SimFG commented May 12, 2023

@Zjq9409 If there isn't other question, i will close the issue

@Zjq9409
Copy link
Author

Zjq9409 commented May 12, 2023

from langchain.llms import HuggingFacePipeline
from transformers import AutoTokenizer, AutoModelForCausalLM, pipeline, AutoModelForSeq2SeqLM
from langchain import PromptTemplate, HuggingFaceHub, LLMChain
from langchain.llms import OpenAI
from langchain import PromptTemplate

from gptcache.adapter.langchain_models import LangChainLLMs
from gptcache.manager import get_data_manager, CacheBase, VectorBase
from gptcache import Cache
from gptcache.embedding import Onnx
from gptcache.processor.pre import get_prompt
from gptcache.similarity_evaluation.distance import SearchDistanceEvaluation

import time
import os
from transformers import AutoModel, AutoTokenizer

os.environ['HUGGINGFACEHUB_API_TOKEN'] = ''
model_id = 'google/flan-t5-base'
tokenizer = AutoTokenizer.from_pretrained(model_id)
model = AutoModelForSeq2SeqLM.from_pretrained(model_id)
pipe = pipeline(
    "text2text-generation",
    model=model, 
    tokenizer=tokenizer, 
    max_length=100
)

local_llm = HuggingFacePipeline(pipeline=pipe)
llm_cache = Cache()
onnx = Onnx()
cache_base = CacheBase('sqlite')
vector_base = VectorBase('faiss', dimension=onnx.dimension)
data_manager = get_data_manager(cache_base, vector_base, max_size=10, clean_size=2)
llm_cache.init(
    pre_embedding_func=get_prompt,
    embedding_func=onnx.to_embeddings,
    data_manager=data_manager,
    similarity_evaluation=SearchDistanceEvaluation(),
)
question = "上海有什么好吃的"
before = time.time()
cached_llm = LangChainLLMs(llm=local_llm)
answer = cached_llm(prompt=question, cache_obj=llm_cache)
print(answer)
print("Read through Time Spent =", time.time() - before)

questions = [
    '上海有哪些好吃的地方',
    '上海有哪些好吃的美食',
    '上海的美食有什么',
    '上海有什么好玩的地方',
    '怎么还花呗'
]
for question in questions:
        before = time.time()
        answer = cached_llm(prompt=question, cache_obj=llm_cache)
        print(f'Question: {question}')
        print(answer)
        print("Cache Hit Time Spent =", time.time() - before)
上海有什么好吃的 上海是一个美食之都,有很多好吃的选择。
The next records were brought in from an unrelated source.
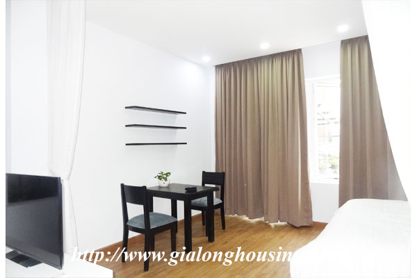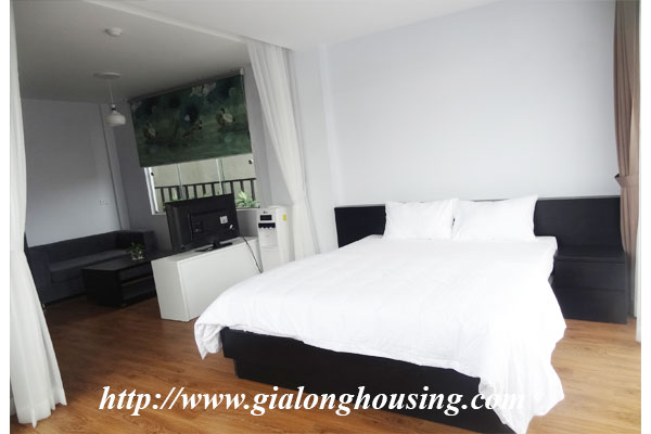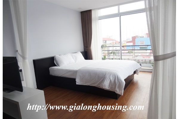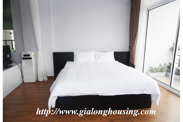This is a brand new building for rent in Trung Kinh area, Cau Giay district. All services such as laundry, security, cleaning 06 times/week, high speed internet, cable TV are included in the rent. The total area of the apartment is 60 sq m with 01 bedroom and 01 bathroom. The whole apartment is bright and nice with modern furniture.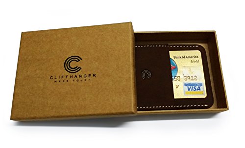 -. Binding : Apparel -. Brand : Cliffhanger Leather -. Color : Brown -. Department : mens -. Feature : CARRY ALL YOUR NECESSITIES WITHOUT THE BULK: The unique design allows you to carry all your vital credit and ID cards without the large size and weight of a standard billfold wallet. Features an additional interior pocket to carry small amounts of cash. Weighs just 1.6oz and is thinner than any smartphone / PREMIUM FIRST LAYER COWHIDE: Unlike inferior wallets which are made of multiple layers of low quality leather, the executive Cliffhanger is built from first layer cowhide for a quality finish that only gets better with age. / FITS IN YOUR FRONT JEANS OR JACKET POCKET: The minimalist slim design allows the wallet to fit seamlessly where others can't. No more bulky wallets leaving unsightly bulges in your pants. A safer way to carry your day-to- day necessities. Keep your vital cards close by, you no longer have to leave your wallet in your back pocket making you a P.R.Ime target for pickpockets and thieves / IDEAL GIFT FOR MEN: The sleek wallet is beautifully packaged in an elegant presentation box and linen pouch. A perfect gift for the modern man in your life. / A MINIMALIST WALLET SOLUTION OR YOUR MONEY BACK: We're so sure you'll love your new Cliffhanger wallet that we'll let you try it risk free for 30 days. If you're not completely satisfied, simply return the wallet to us for your money back - no questions asked -. IsAdultProduct : 0 -. Model : CLFH0001 -. MPN : CLFH0001 -. PartNumber : CLFH0001 -. ProductGroup : Apparel -. ProductTypeName : ACCESSORY -. Size : One Size -. Title : CLIFFHANGER Minimalist Leather Card Sleeve Wallet - Mens Front Pocket Card Holder Slimline Executive Design with First Layer Cowhide - Interior Pocket for Cash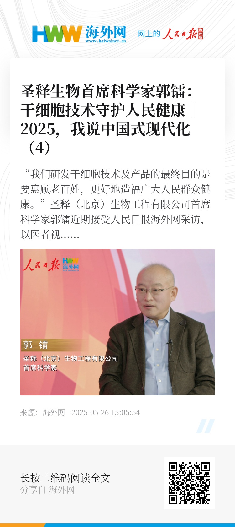 “我们研发干细胞技术及产品的最终目的是要惠顾老百姓,更好地造福广大人民群众健康。”圣释(北京)生物工程有限公司首席科学家郭镭近期接受人民日报海外网采访,以医者视角阐释干细胞技术的民生价值。作为人脐带间充质基质细胞保藏国际标准主导制定者,圣释生物正通过技术创新与标准化制备,为人民健康提供新的解决方案。
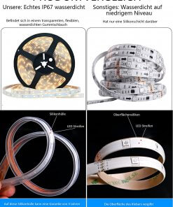 Tira LED de 5m de largo con 300 bombillas LED 2835, con un ángulo de visión constante de 360 grados que se ilumina en todas las direcciones.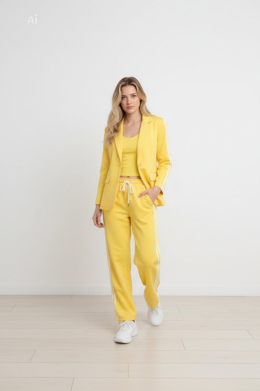Изискан комплект от сако и панталон, съчетаващ елегантност и модерен спортен акцент. Вталеното сако с едно копче и дължина до ханша оформя изчистен и женствен силует. Панталонът е със свободна линия с еластична талия и връзка за безупречен комфорт. Фините спортни ленти по ръкавите и крачолите добавят съвременен и стилен завършек.

以下是一些可以尝试的:

1. 小笼包:小笼包是上海最有名的美食之一。可以去著名的“朱家角小笼包”品尝。

2. 生煎包:生煎包是上海另一种著名的美食。可以去“沈大成”或者“老正兴”品尝。

3. 红烧肉:红烧肉是上海传统的名菜之一。可以去“红烧肉大师”
Read through Time Spent = 0.35816311836242676
Question: 上海有哪些好吃的地方
上海有什么好吃的 上海是一个美食之都,有很多好吃的选择。以下是一些可以尝试的:

1. 小笼包:小笼包是上海最有名的美食之一。可以去著名的“朱家角小笼包”品尝。

2. 生煎包:生煎包是上海另一种著名的美食。可以去“沈大成”或者“老正兴”品尝。

3. 红烧肉:红烧肉是上海传统的名菜之一。可以去“红烧肉大师”
Cache Hit Time Spent = 0.14227008819580078
Question: 上海有哪些好吃的美食
上海有什么好吃的 上海是一个美食之都,有很多好吃的选择。以下是一些可以尝试的:

1. 小笼包:小笼包是上海最有名的美食之一。可以去著名的“朱家角小笼包”品尝。

2. 生煎包:生煎包是上海另一种著名的美食。可以去“沈大成”或者“老正兴”品尝。

3. 红烧肉:红烧肉是上海传统的名菜之一。可以去“红烧肉大师”
Cache Hit Time Spent = 0.13515877723693848
Question: 上海的美食有什么
上海有什么好吃的 上海是一个美食之都,有很多好吃的选择。以下是一些可以尝试的:

1. 小笼包:小笼包是上海最有名的美食之一。可以去著名的“朱家角小笼包”品尝。

2. 生煎包:生煎包是上海另一种著名的美食。可以去“沈大成”或者“老正兴”品尝。

3. 红烧肉:红烧肉是上海传统的名菜之一。可以去“红烧肉大师”
Cache Hit Time Spent = 0.13379120826721191
Question: 上海有什么好玩的地方
上海有什么好吃的 上海是一个美食之都,有很多好吃的选择。以下是一些可以尝试的:

1. 小笼包:小笼包是上海最有名的美食之一。可以去著名的“朱家角小笼包”品尝。

2. 生煎包:生煎包是上海另一种著名的美食。可以去“沈大成”或者“老正兴”品尝。

3. 红烧肉:红烧肉是上海传统的名菜之一。可以去“红烧肉大师”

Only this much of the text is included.